YOU HAVE ALL THE INFORMATION TO INFER THE TYPE AND YOU DID INFER THE TYPE YET YOU TELL ME I NEED TO ANNOTATE THE TYPE BUT YOU'VE INFERRED IT AND YOU CANT TELL ME WHY I NEED TO ANNOTATE IT

And I love how suddenly you can convert a Result object using `as` which is a keyword reserved only for primitives, so say the docs... and it works (and works at runtime as well). because the type was never wrong. you fucking inferred it. but you're bitching at me that you need an annotation. when you don't.

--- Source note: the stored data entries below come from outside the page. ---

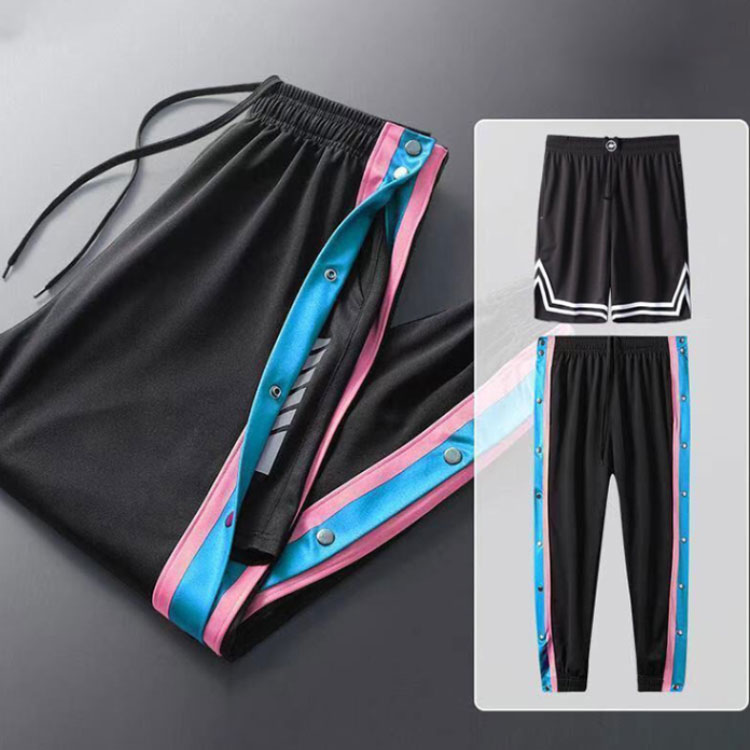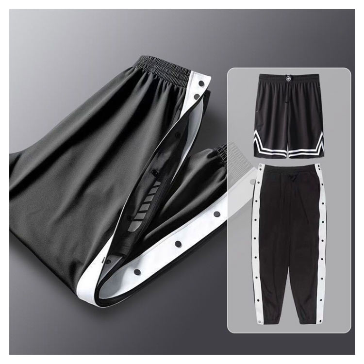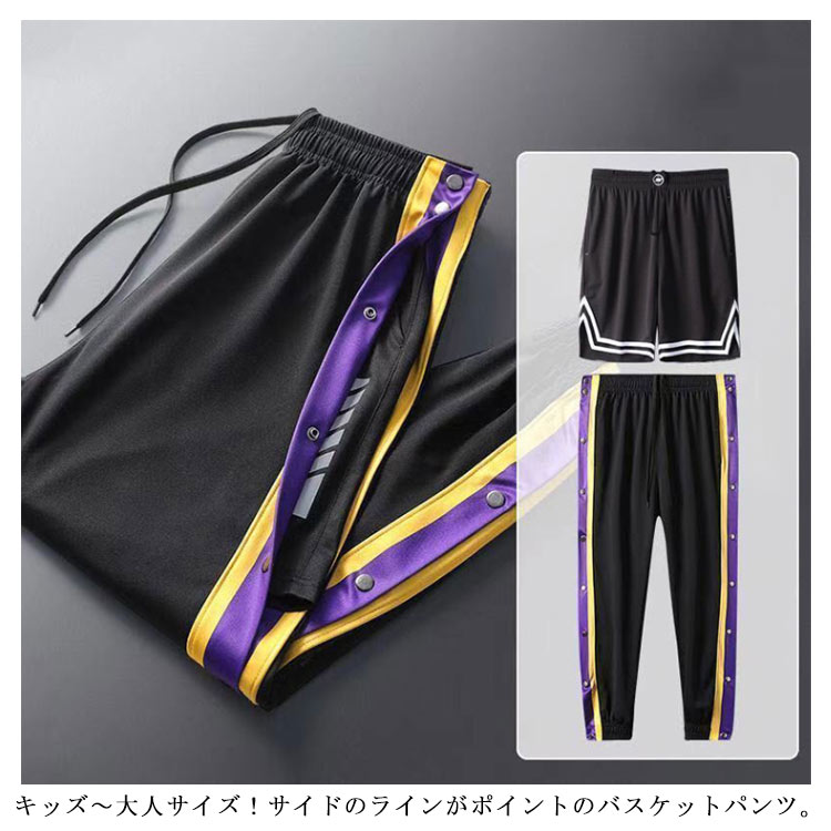 2点セット!バスケパンツ バスケットパンツ スナップボタン バスケットボールパンツ キッズ ジュニア 大人 メンズ レディース バスパン 裾ボタン サイドボタン サイドライン 長ズボン ロングパンツ ジャージ 下 男の子 女の子 男性 女性
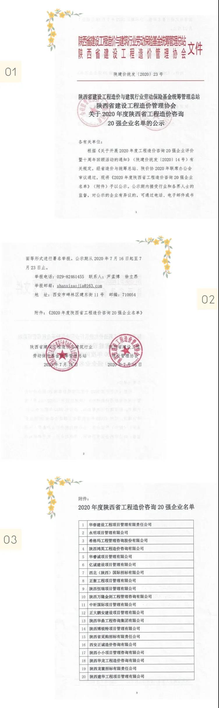2020年7月17日,陜西省建設(shè)工程造價(jià)管理協(xié)會(huì)(簡(jiǎn)稱(chēng)陜價(jià)協(xié))發(fā)布“關(guān)于2020年度陜西省工程造價(jià)咨詢(xún)20強(qiáng)企業(yè)名單的公示”,西北(陜西)國(guó)際招標(biāo)有限公司再次入圍,榮獲“第七名”。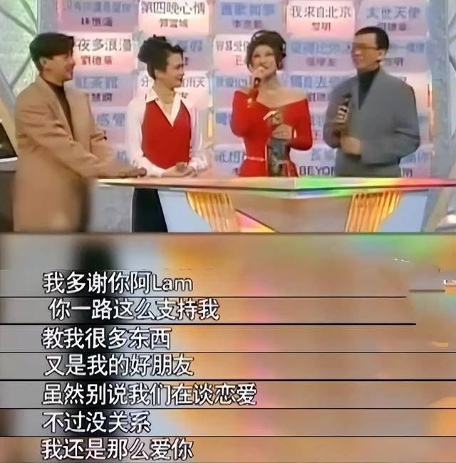 当叶倩文在台上情绪激动时,林子祥只是默默走到她身边,轻轻拍了拍她的肩膀,以示支持。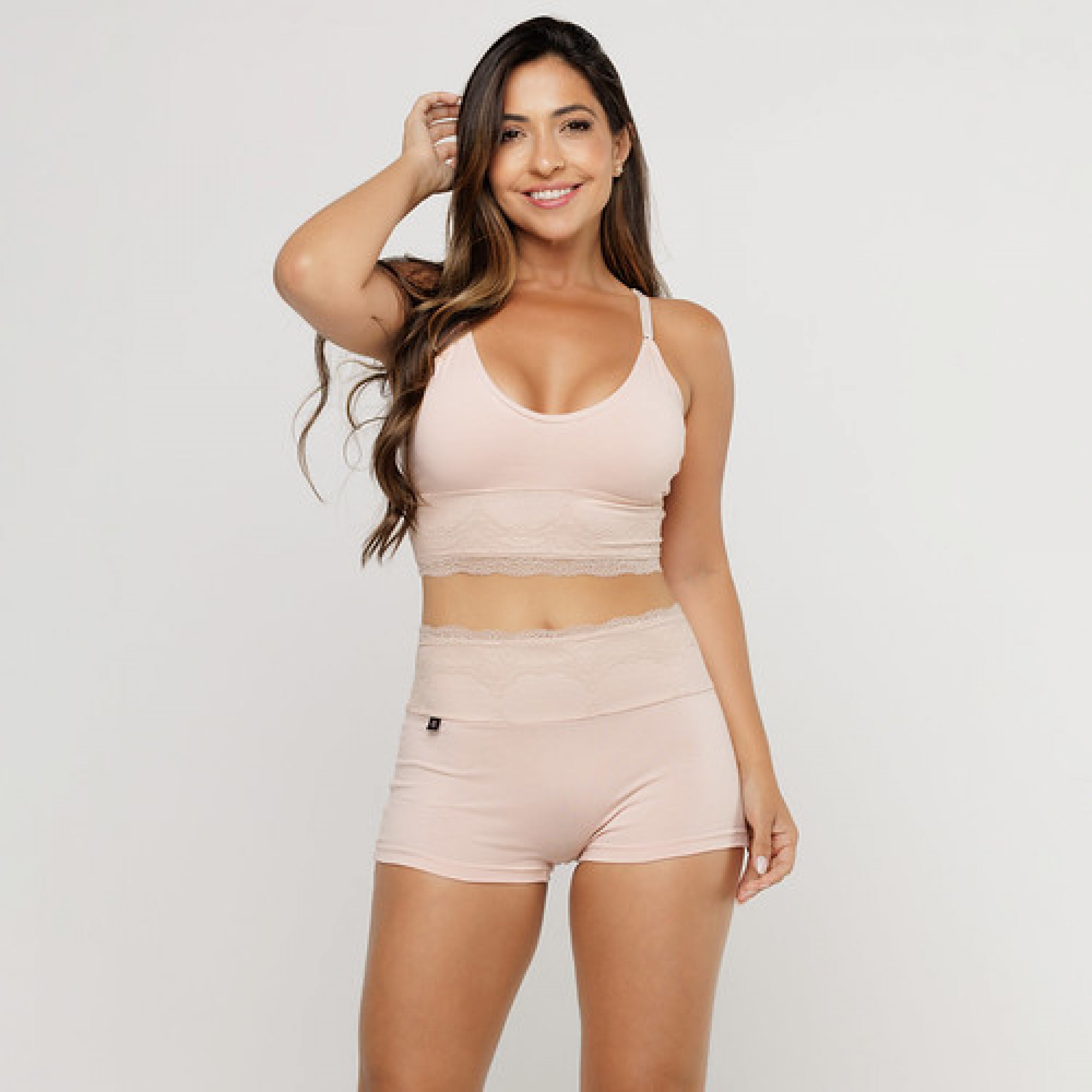 Top Duplo em Algodão Egípcio com Elástico Personalizado Nude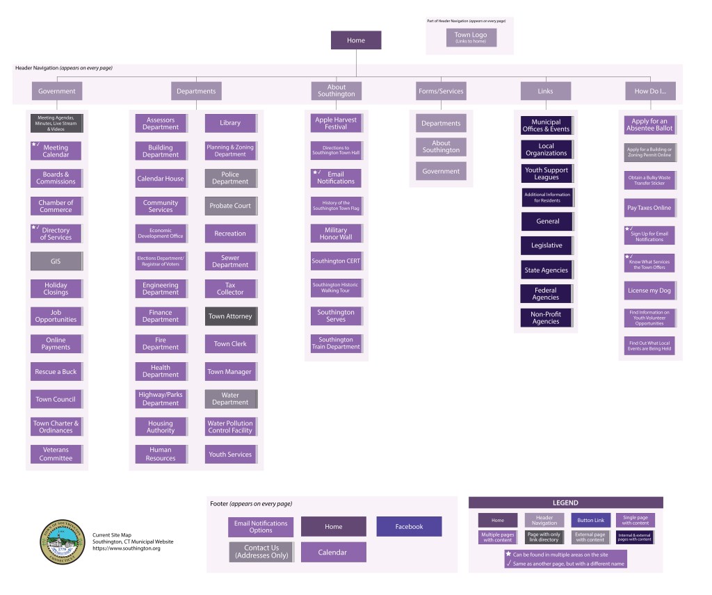 Before I even began creating the site map, I did my research and pretended that I was a user for a little bit on Southington’s municipal website. I clicked through every page, link, button, and looked at any information that was there, while I took notice of the content the pages provided, how long it took to get to different places on the site, and how the site was organized overall. While this took some time, it was well worth it as it was very informative when it came time to create the site map for how it currently is. I didn’t include every single page, link, piece of content, or even external pages because the website is very large and there was no way I would be able to get everything. Instead, I focused on enough to get a good idea of how the site flowed and how it was organized for the users so far.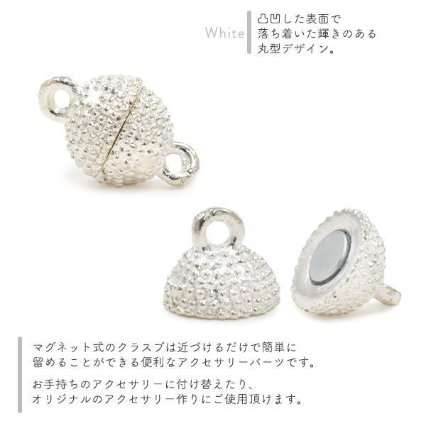 マグネット式 クラスプ 丸形 13mm ホワイト 磁石式留め具 ネックレス ブレスレット アンクレット 留め具 アクセサリーパーツ 手作りアクセ 素材 パーツ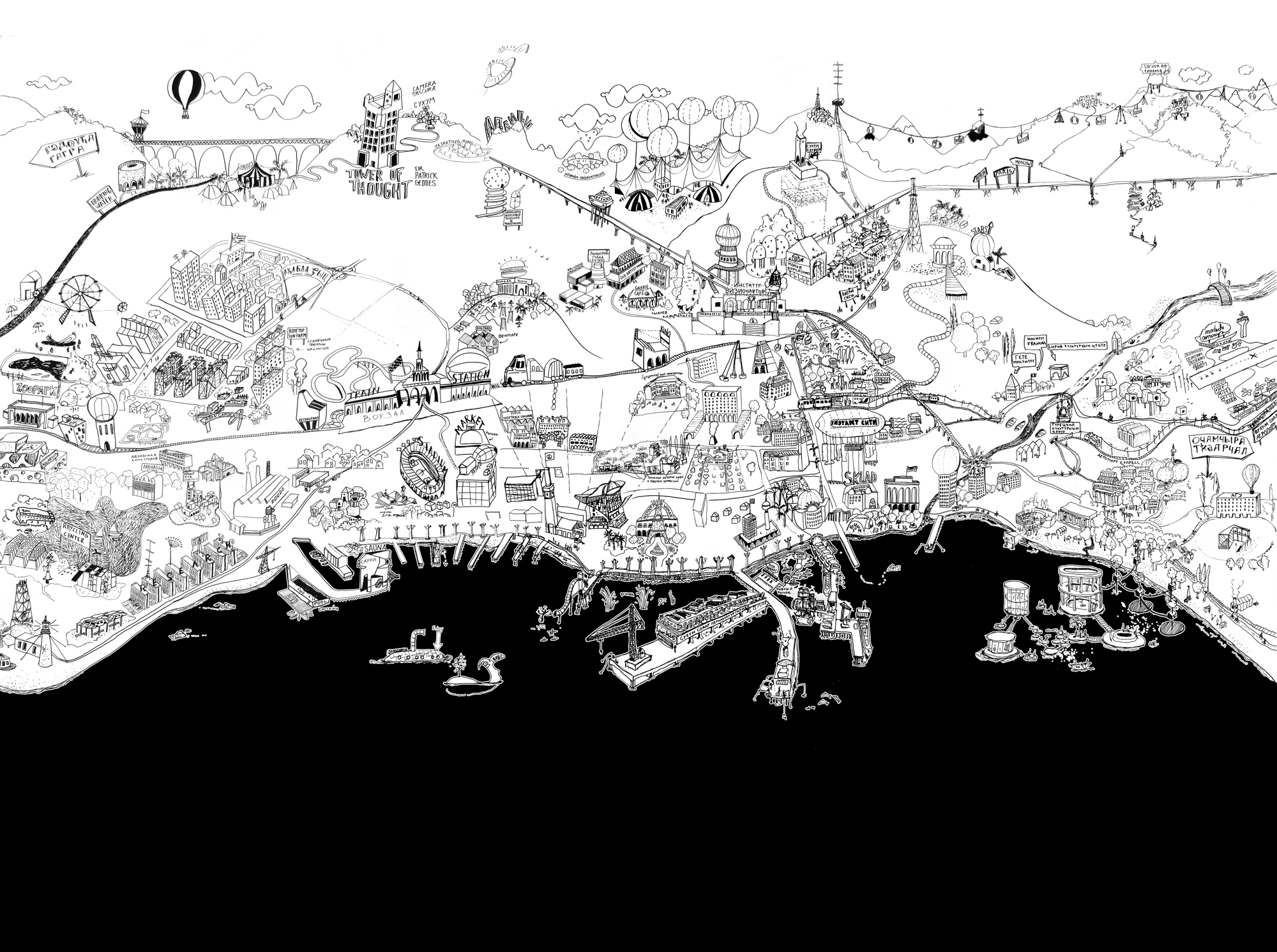 We first realized a big drawing on a billboard in the public space of Sukhum/i. Passers-by were invited to share their ideas and get it drawn into a collective vision for the future. We were positively surprised how people were eager to discuss what could happen in the city.

remember when languages were made by people that actually liked coding instead of this clout-chasing nonsense. that's what I'm blaming this on

Comments
  • 5
    Laughs in C++ fuckery !

    reinterpret_cast< to any fucking thing >( from any fucking thing );

    Probably apples and oranges, but yeah...
  • 1
    @jestdotty I haven't Rust yet, so I don't know first hand yet.
  • 2
    Rust has reinterpret_cast, it's called transmute, just the docs appropriately indicate that you should never ever ever use it for any fucking reason. Not because it's a bad implementation but because what these functions do should never be done by anyone for any reason ever.
  • 2
    @lorentz so basically only embedded programmers. Which aren't real people anyway.
  • 2
    @Demolishun Not even embedded programmers should use transmute. If you want to cast between number types, cast through a fixed size array and let your optimizer eliminate the array. If you want to cast a bitfield then you can use the crate of the same name, which probably does it better than you. And it still doesn't need transmute because you can just use a fixed size array.
  • 1
    @Demolishun Is there a third use case for reinterpret_cast that I don't know about?
  • 1
    @lorentz I don't know. I think I have used reinterpret_cast once or twice. It was for working with a C framework to pass pointers to objects that got passed inside the framework. Which used void pointers. reinterpret_cast was more explicit and showed intent better than old style C casts. This aided in hiding all the C dirty secrets inside a C++ wrapper.
  • 1
    @Demolishun dayum! I recall doing it as well. That was horrible! Thanks for the flashbacks!
  • 1
    @Lensflare the "best" part. The C code is new, and so is the C++ code.
  • 2
    @Demolishun ah, that's just an as cast, no issue then. reinterpret_cast feels like hunting ducks with a nuke though.
  • 0
    @lorentz okay, I am going to use that analogy. Thank you.